*Data:*
---
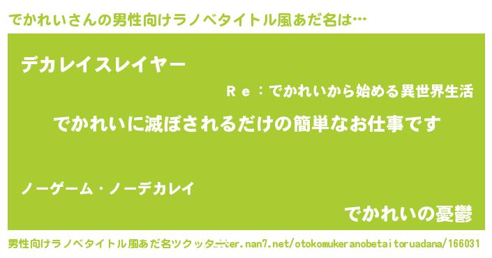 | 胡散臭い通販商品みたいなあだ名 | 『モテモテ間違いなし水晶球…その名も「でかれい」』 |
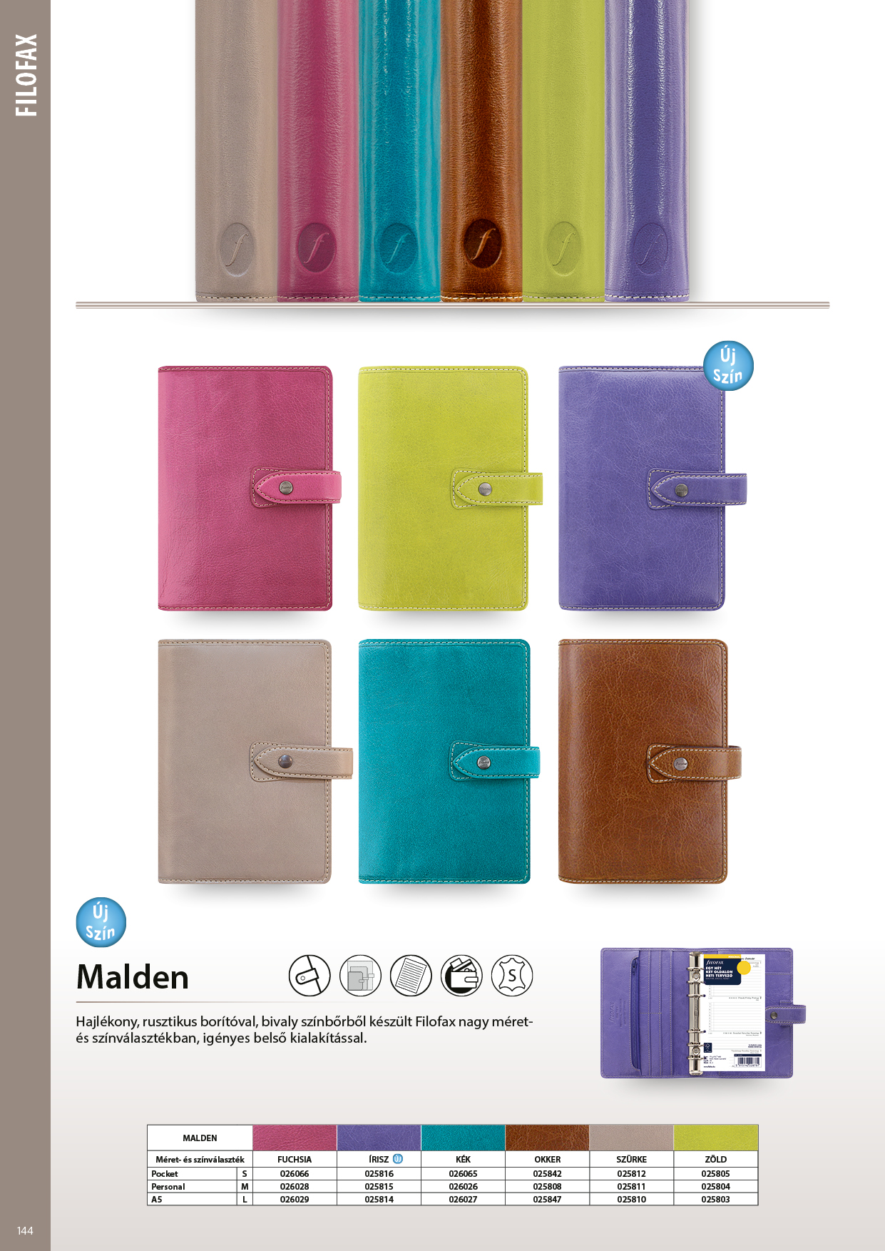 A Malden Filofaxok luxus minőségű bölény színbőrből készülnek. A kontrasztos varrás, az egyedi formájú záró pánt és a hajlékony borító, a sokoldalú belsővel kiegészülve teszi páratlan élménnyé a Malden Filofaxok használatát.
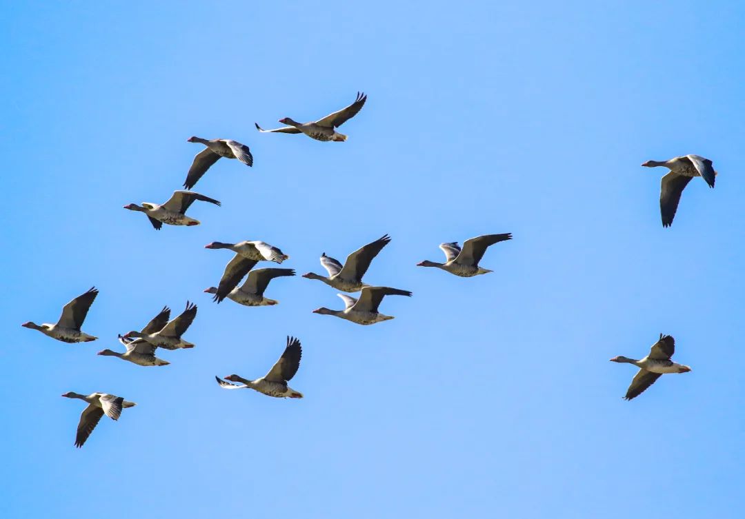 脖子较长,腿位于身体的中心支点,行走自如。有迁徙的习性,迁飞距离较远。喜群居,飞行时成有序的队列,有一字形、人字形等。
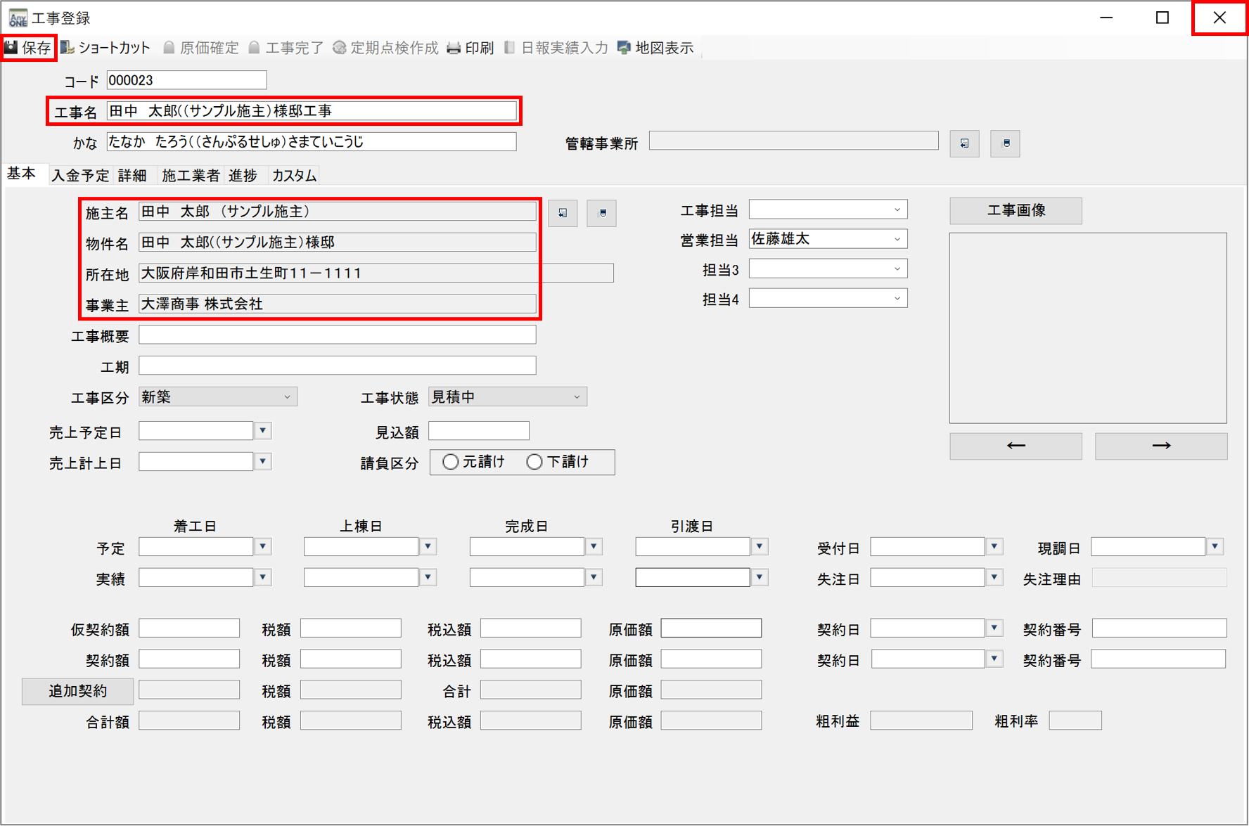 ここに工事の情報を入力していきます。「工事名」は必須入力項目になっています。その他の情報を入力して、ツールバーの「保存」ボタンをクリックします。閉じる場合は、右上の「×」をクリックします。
---
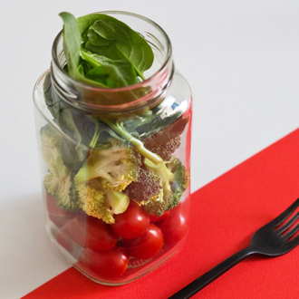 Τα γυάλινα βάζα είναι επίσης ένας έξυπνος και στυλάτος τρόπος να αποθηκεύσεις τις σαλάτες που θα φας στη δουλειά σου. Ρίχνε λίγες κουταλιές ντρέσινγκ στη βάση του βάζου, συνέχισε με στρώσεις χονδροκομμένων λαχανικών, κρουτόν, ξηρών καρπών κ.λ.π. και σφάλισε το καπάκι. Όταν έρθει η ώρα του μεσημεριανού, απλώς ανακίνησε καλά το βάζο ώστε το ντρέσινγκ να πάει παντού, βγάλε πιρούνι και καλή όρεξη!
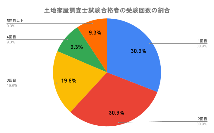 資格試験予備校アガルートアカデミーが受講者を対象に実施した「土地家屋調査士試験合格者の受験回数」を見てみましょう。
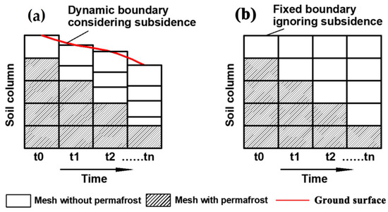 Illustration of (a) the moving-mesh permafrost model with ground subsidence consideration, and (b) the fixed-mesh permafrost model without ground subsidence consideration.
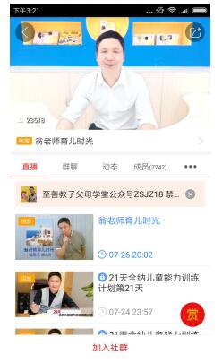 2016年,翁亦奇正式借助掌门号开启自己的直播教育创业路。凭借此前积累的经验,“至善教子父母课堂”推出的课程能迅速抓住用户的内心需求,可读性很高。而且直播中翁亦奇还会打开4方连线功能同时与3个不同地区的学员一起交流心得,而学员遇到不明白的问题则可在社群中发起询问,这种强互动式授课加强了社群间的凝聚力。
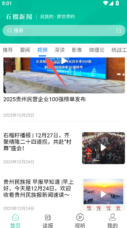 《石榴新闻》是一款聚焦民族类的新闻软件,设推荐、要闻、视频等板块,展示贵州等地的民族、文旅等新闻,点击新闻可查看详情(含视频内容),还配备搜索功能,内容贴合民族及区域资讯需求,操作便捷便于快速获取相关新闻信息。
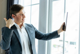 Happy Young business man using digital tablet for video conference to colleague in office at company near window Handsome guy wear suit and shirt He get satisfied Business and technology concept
---
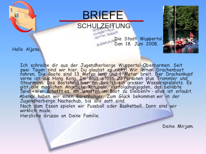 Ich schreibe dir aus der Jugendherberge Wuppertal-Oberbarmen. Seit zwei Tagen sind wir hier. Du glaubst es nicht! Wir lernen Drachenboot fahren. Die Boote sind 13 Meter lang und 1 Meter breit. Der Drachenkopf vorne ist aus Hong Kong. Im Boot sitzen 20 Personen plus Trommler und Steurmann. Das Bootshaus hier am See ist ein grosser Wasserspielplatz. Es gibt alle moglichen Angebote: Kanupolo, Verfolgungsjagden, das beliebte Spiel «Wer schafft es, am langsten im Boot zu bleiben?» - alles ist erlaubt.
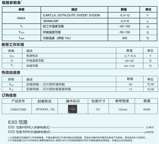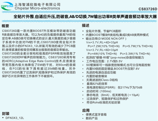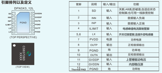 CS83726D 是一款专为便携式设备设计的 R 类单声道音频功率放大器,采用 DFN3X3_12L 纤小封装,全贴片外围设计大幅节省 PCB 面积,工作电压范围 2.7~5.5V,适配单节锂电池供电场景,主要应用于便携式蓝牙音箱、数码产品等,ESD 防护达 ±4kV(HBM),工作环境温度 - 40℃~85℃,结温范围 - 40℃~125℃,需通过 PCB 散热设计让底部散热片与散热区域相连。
---
*What is being asked:* Skipping the pictures, print the lines in the listing above exactly as written, starting at the line with "脖子较长,腿位于身体的中心支" and ending at the line with "ここに工事の情報を入力してい", both included.

*Worked solution:*
 脖子较长,腿位于身体的中心支点,行走自如。有迁徙的习性,迁飞距离较远。喜群居,飞行时成有序的队列,有一字形、人字形等。
 ここに工事の情報を入力していきます。「工事名」は必須入力項目になっています。その他の情報を入力して、ツールバーの「保存」ボタンをクリックします。閉じる場合は、右上の「×」をクリックします。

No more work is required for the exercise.